Cartoon of man with hands raised in air and money bags floating among the clouds. Accompanied by title, How To Set Your Life Coaching Fees!

One of the most common questions you are going to be asked by prospective clients is "What does your coaching cost?

It's a question many new coaches have trouble answering confidently and congruently because they are not sure how much to charge for their coaching.

Maybe they question  their value, or what is right for their target market or even how much they need to earn from coaching to as a viable career.

Working out your what to charge will depend to a great extent on your experience, what other skills you bring to coaching, how you market yourself and the niche and/or demographic you work within.  

7 Basic factors that can determine the life coaching fees you can charge

  1. How you deliver your coaching programs; i.e.  face to face, or online/phone.
  2. The length of the sessions.
  3. Whether you offer group or personal sessions.
  4. The niche or demographic you target and what they can afford or are prepared to pay.
  5. Your experience, background, credentials and certification level.
  6. Your location and your client's location both nationally and internationally.
  7. Your personal expenses and overheads.

Know your personal expenses:

Of course you may not be able to cover all your expenses and make a profit with your life coaching fees when you first start coaching, but it's important to know what you need to aim for if your coaching is to be financially viable as a living.

If you are not sure of your expenses, I suggest keeping a simple spread sheet of what you spend for a month or two. (You may get a fright 😀). It's also a good idea to include a ballpark figures of what marketing expenses you want to budget for. 

These will include, depending on your choices, items like business cards, website hosting, advertising, networking events, ongoing trainings, association memberships and so on.  

With the increased popularity of coaching online using platforms such as Zoom or Skype, even phone, some coaches are choosing to charge a loading if the client wants physical face-to-face coaching. This compensates for time and travel considerations for both the coach and the client. Of course, this could also be marketed to clients as a discount for coaching online rather than extra for face-to-face.

4 Common Traps In Setting Life Coaching Rates

These are common traps that new coaches can fall into when setting their life coaching rates.

1. Avoid the fee comparison trap 

There will always be a coach who charges more or less than you do, so don't fall into the trap of making comparisons and thinking "I should be charging more/less".

Some may set their life coaching rates at as little as $USD50 an hour for 1 on 1 coaching while some executive and celebrity coaches can achieve $USD1500+ a session or more. 
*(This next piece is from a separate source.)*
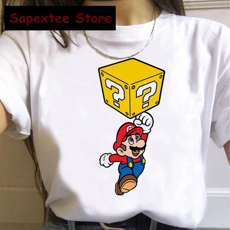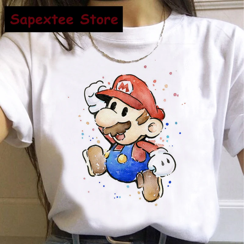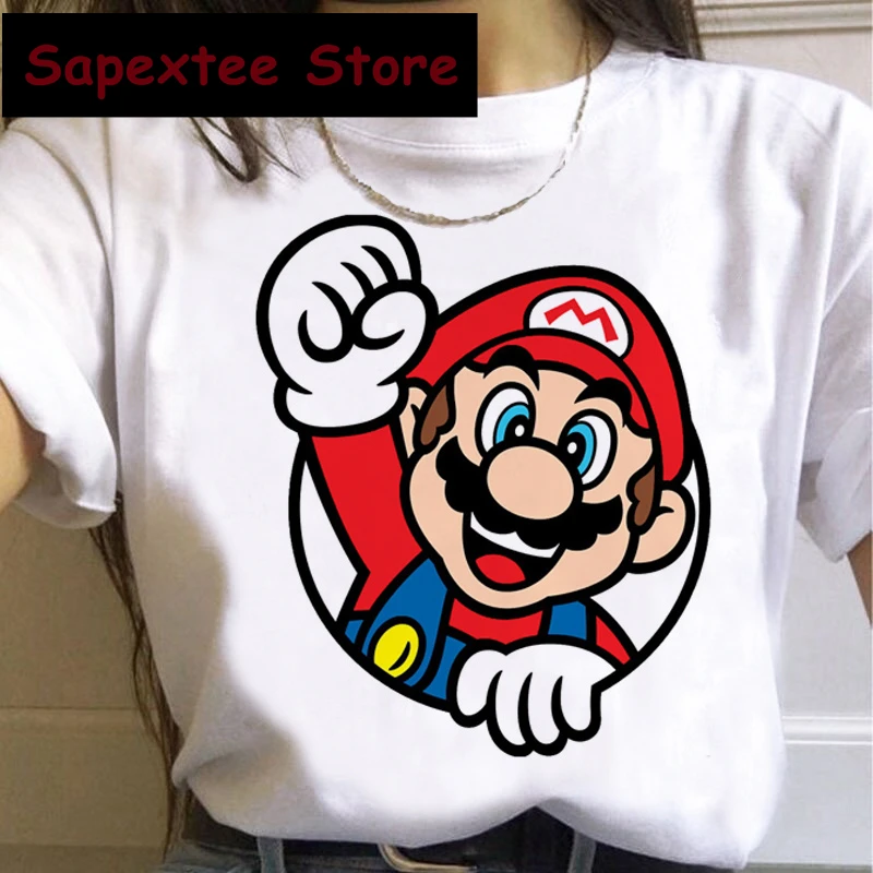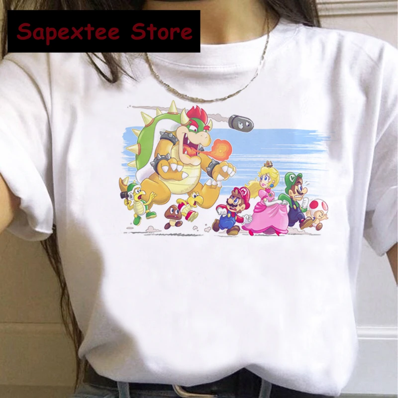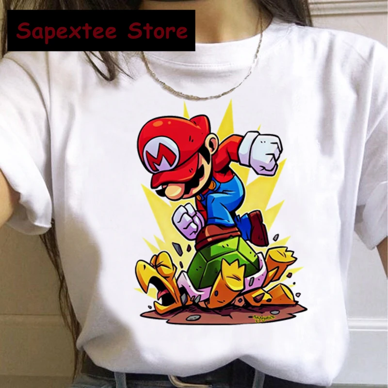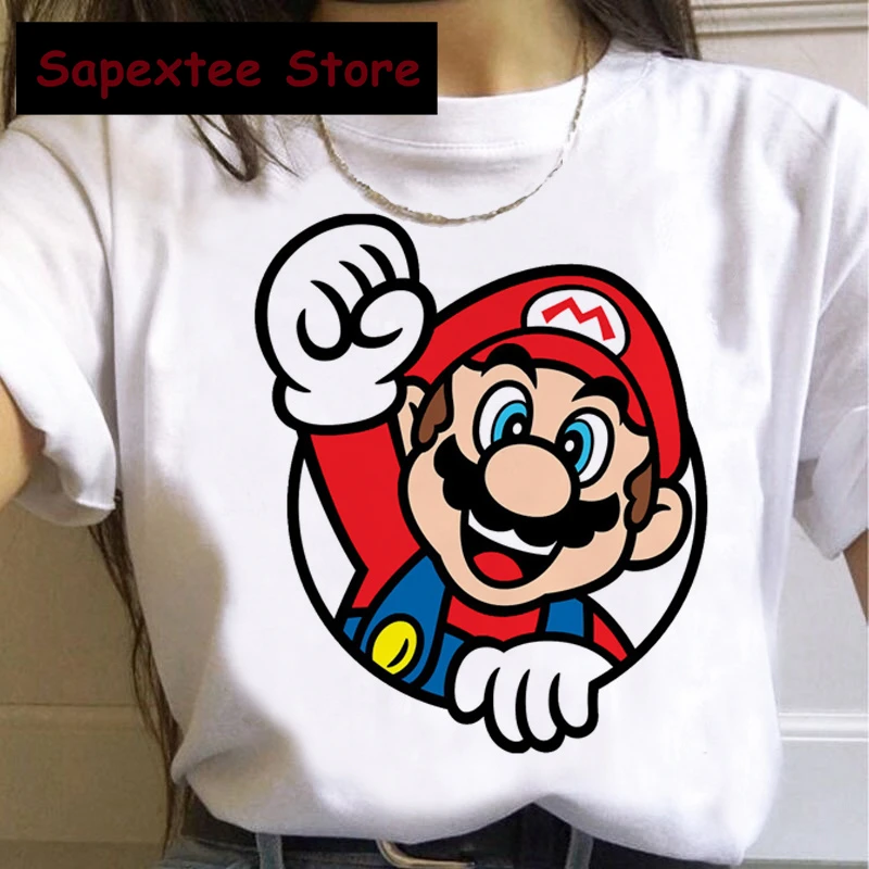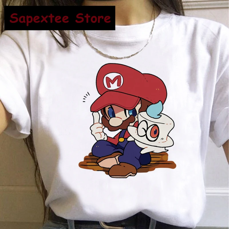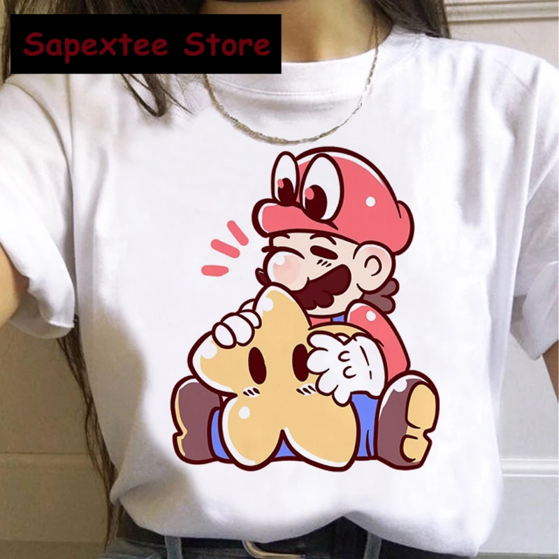 Лидер продаж, футболка в стиле японского аниме Супер Марио, женские футболки в стиле каваи Марио, забавные летние топы в стиле Харадзюку, женская футболка унисекс с мультипликационным рисунком

Comparing will only cause you stress. The chances are there is little real comparison with your offering. You really won't know what criterion they have used to justify their life coaching fee or if, in fact, their fee is justified at all! 

High fees are not always a guarantee of better coaching

or low fees an indication of poor coaching.

However, the more your skills develop, the more your reputation grows and the harder it is to book to be coached by you, the more you can charge!

2. How you set life coaching fee may depend on your background 

Many coaching schools recommend you start practicing pro bono as part of your training. (Pro Bono is a latin phrase that is commonly used to describe professional work that is done for free or as a volunteer.) 

If you come from a related discipline such as psychology or counselling, where you have simply incorporated coaching qualifications and techniques to your offering, you may have no problem charging your exisiting full fee straight away.  

But if you are coming into coaching without any related training or useful industry or other experience to compliment your niche then offering to coach people for a reduced rate, or some other exchange, may make sense to help you gain experience and confidence.

However, if you are really confident you know what you are doing, go for it and start charging a full rate straight away. It's whatever you feel confident with and whatever your niche will bear.

Life coaching fees are not set in stone - you can always adjust up or down at any time.
Be willing to experiment.

3. Not valuing the benefits of your coaching skills right from the start

Even if you are just trained and certified you will be giving valuable help to anyone you coach right from the start. So don't be too willing to give away your coaching. If the client is paying you a fee however small, or some other exchange, they will be more inclined to take the process seriously. 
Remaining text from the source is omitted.